Data ::
* * * * *

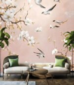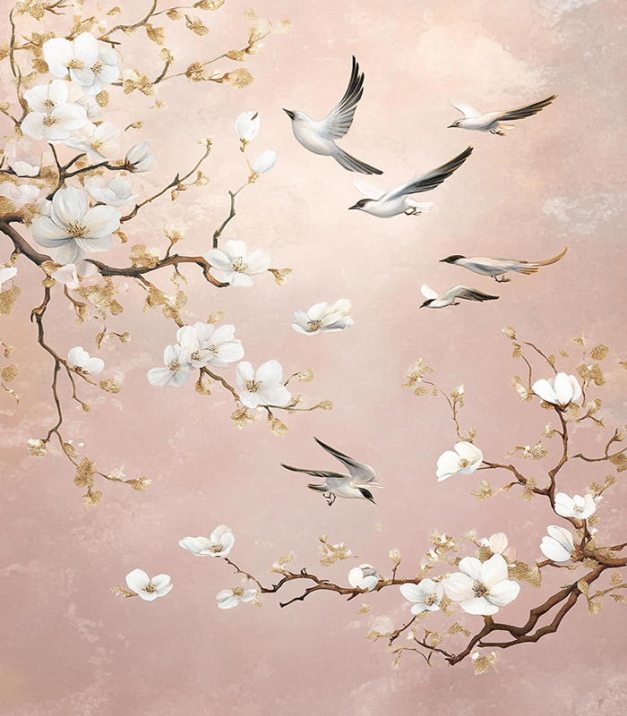 Delicate birds gracefully soar among blooming branches, set against a soft pink background, creating a serene and elegant nature-inspired scene.
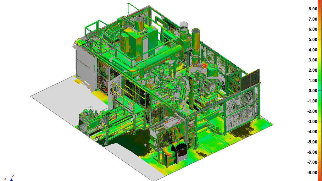 Bei der Abstandsanalyse wird für jeden Punkt in der Punktwolke der kürzeste Abstand zur Oberfläche des CAD-Modells berechnet. Ziel ist es, zu erkennen:
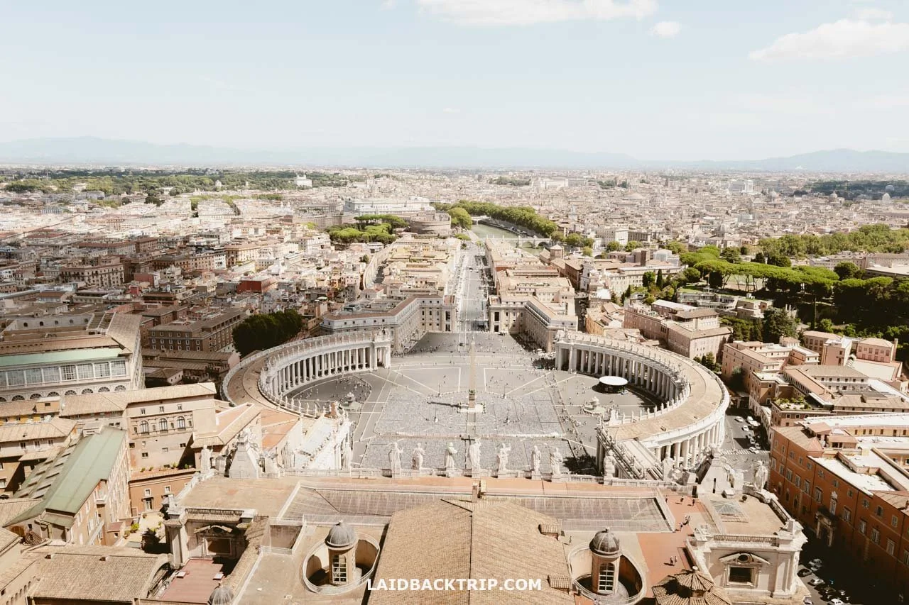 We later returned to St. Peter's Square, but once again, the visit was brief, as this time we entered St. Peter's Basilica from its northern side . After entering the church, we climbed to the top of the dome, where we were rewarded with another stunning view of St. Peter's Square from above. Honestly, this ended up being one of my favorite views from our entire trip to Rome.

* * * * *

What this task involves :: Restate the full listing verbatim and drop every picture.

Solution for this exercise ::
 Delicate birds gracefully soar among blooming branches, set against a soft pink background, creating a serene and elegant nature-inspired scene.
 Bei der Abstandsanalyse wird für jeden Punkt in der Punktwolke der kürzeste Abstand zur Oberfläche des CAD-Modells berechnet. Ziel ist es, zu erkennen:
 We later returned to St. Peter's Square, but once again, the visit was brief, as this time we entered St. Peter's Basilica from its northern side . After entering the church, we climbed to the top of the dome, where we were rewarded with another stunning view of St. Peter's Square from above. Honestly, this ended up being one of my favorite views from our entire trip to Rome.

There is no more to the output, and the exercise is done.